At the Middle East Institute yesterday, John Limbert, who was recently appointed Deputy Assistant Secretary for Iran in the Bureau of Near Eastern Affairs, discussed his his new book Negotiating with Iran.
Limbert spent 33 years in the Foreign Service, serving in Algeria, Djibouti, Iran, Saudi Arabia, and the United Arab Emirates. From 2000-2003 he served as ambassador to Mauritania, and retired in 2006 with the rank of Minister-Counselor. In 1979, he was among those taken hostage by radical Iranian students at the American embassy in Tehran. As Politico reported, Limbert “is the recipient of the Department’s highest award, the Distinguished Service Award, as well as an Award for Valor for his more than a year as a hostage in Iran, months of it spent in solitary confinement.”
Though Limbert made clear that he was speaking yesterday as an author and not in his capacity as a State Department official, his comments do provide insight into the thinking of a key U.S. official dealing with Iran.
The important question of his book, Limbert said, “is not ‘should we or shouldn’t we'” negotiate with Iran. “The important question is, when we finally end our thirty year estrangement, how do we do it?” It is important to acknowledge, Limbert said, that “hostility and suspicion still run very deep, and they run deep on both sides.” The Iranian view is typified, Limbert said, “in a famous rhetorical question from Ayatollah Khomeini. When asked about negotiations with the United States, he [Khomeini] replied: ‘What for? What does the wolf have to negotiate with the sheep?'”
On the American side, Limbert said, “you find something similar.” There is an idea “that one could never have successful negotiations with leaders who do and say what Iran’s leaders do and say… Because they are too fanatical, too xenophobic, too suspicious, and too untrustworthy to deal with.” This view is alive and well in Washington, Limbert said, “and I’ve encountered it as recently as last week.” Limbert suggested that this view was simply a reverse of Khomeini’s view, asking instead “what do the rational have to negotiate with the crazies?”
Knocking down some of the caricatures of Iran that tend to dominate U.S. media coverage, Limbert said “There’s much more to Iran — and much more to negotiating with Iran — than the absurdity of presidential statements coming out of Tehran and the nastiness of the current system.” Trained as an historian and fluent in Farsi, Limbert noted his great interest in Iran in the 14th century, a time in which he said “you had creative, vibrant artistic people living under rulers who, to put it bluntly, were thugs, fanatics, and bigots.” It was not incorrect, Limbert said, to notice “a similarity between conditions then and conditions now.”

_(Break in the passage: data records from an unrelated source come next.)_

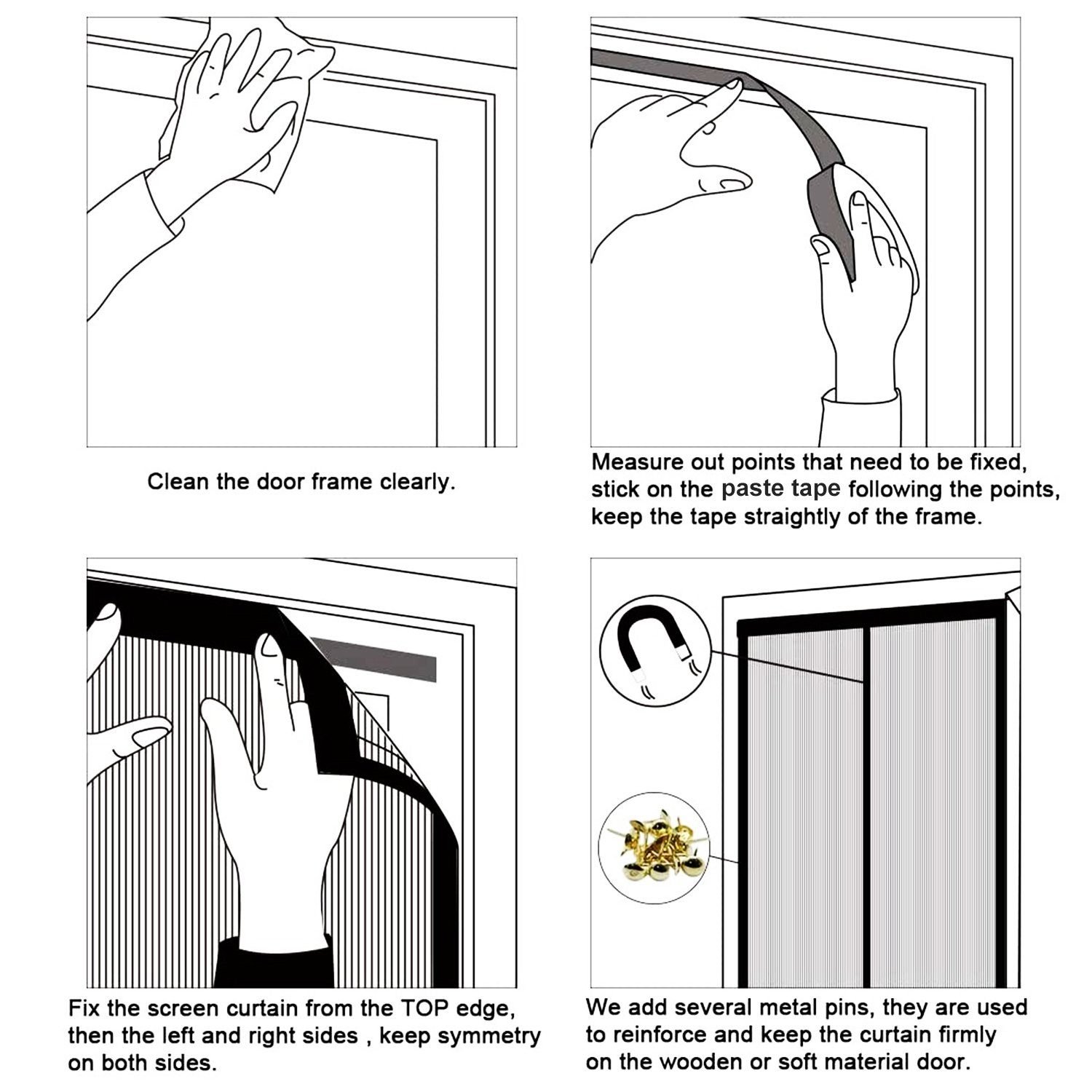 - For Wooden frames. you can also use the push pins provided for reinforcement. Please note that the push pins leave puncture holes on the door frame.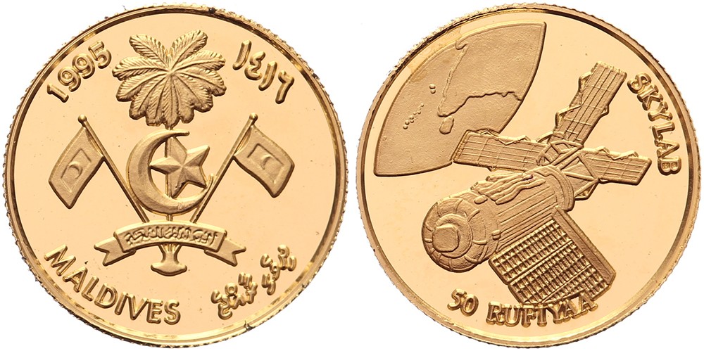 50 Rufiyaa 1995 Skylab Space Station. Fr. 7; KM89. Au999. Proof.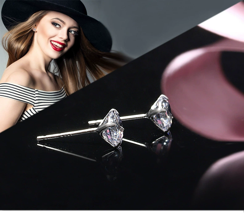 Женские серьги-гвоздики из 100% стерлингового серебра 925 пробы, модные серьги с кристаллами из настоящего серебра для девочек, новые классические серьги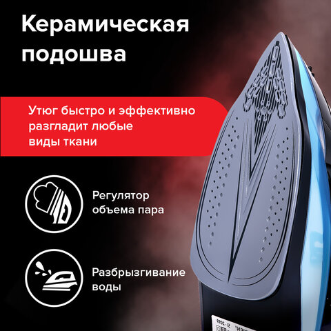 Утюг мощностью 2400 Вт станет надежным помощником в глажении вещей. Керамическая подошва равномерно распределяет тепло, гарантирует легкое скольжение по всем видам ткани, не оставляет на ткани блестящих следов. Она устойчива к появлению царапин и без труда очищается от загрязнений.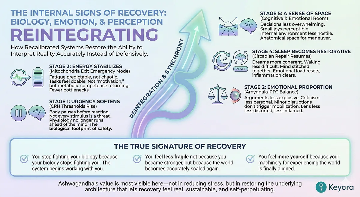 – Keyora Interpretation: Ashwagandha’s impact becomes most visible in the lived experience of coherence returning – biology aligning with perception, and perception aligning with reality.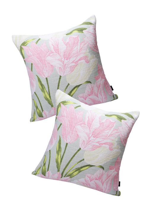 Soumya Grey & Pink 2 Pcs Floral Square Cushion Covers
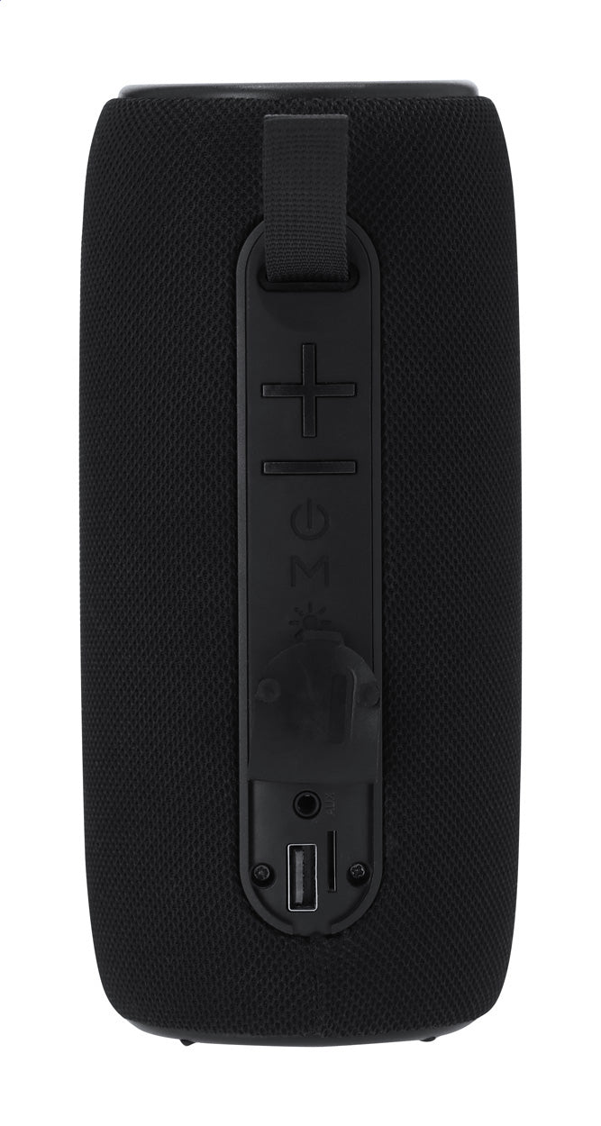 Difuzor bluetooth, acoperit cu țesătură din poliester, lumină LED multicoloră (cu 5 moduri de lumină) și curea de transport. Cu 2 drivere pentru difuzoare, funcție de apel hands-free și baterie reîncărcabilă încorporată (1200 mAh). Inclusiv cablu de încărcare USB.

Limbert was asked at what point the administration might say “enough is enough” and walk away from engagement. “I think you’re going to need a lot of patience,” he said. But “if it’s worth it — and I think from what I read and what I hear, this administration has decided that it is worth it, and knows that it will take a lot of patience. Thirty years of suspicion, thirty years of trading insults, thirty years of name-calling, and sometimes exchanges going beyond just rhetoric, that’s tough to overcome.”
Asked whether Iran’s current domestic politics would impact negotiations, Limbert replied “obviously it will,” and would likely make striking a deal more difficult. But, Limbert said, “if you wait for a good time” to try and change the relationship, “it will never come. It’s always going to be a bad time.”
Limbert said it was clear that “The system that’s been in place, where you have a ruling men’s club of about twenty five senior people” was passing away. “The core elite of the Islamic Republic… are getting old and departing the scene,” but more important, Limbert said, “the consensus which had existed among this group whose cohesion allowed the Islamic Republic to survive some horrific shocks…seems to be breaking down, and something different is coming out of it.” Limbert said that “the system to seems to be reverting to an earlier model of rule by the gun, and rule by force. Some of the features you see emerging now are reminiscent of what you saw under the Pahlavis.”
Asked whether human rights should be part of the negotiation, Limbert’s answer was direct: “Of course.” The Iranians deserve a far better government than they have, Limbert said. “Should it [human rights] be a matter for negotiation? Of course. Should it be the only matter for negotiation? I don’t think so. I would hope that we’re smart enough to deal with one issue at a time. And I think we are.”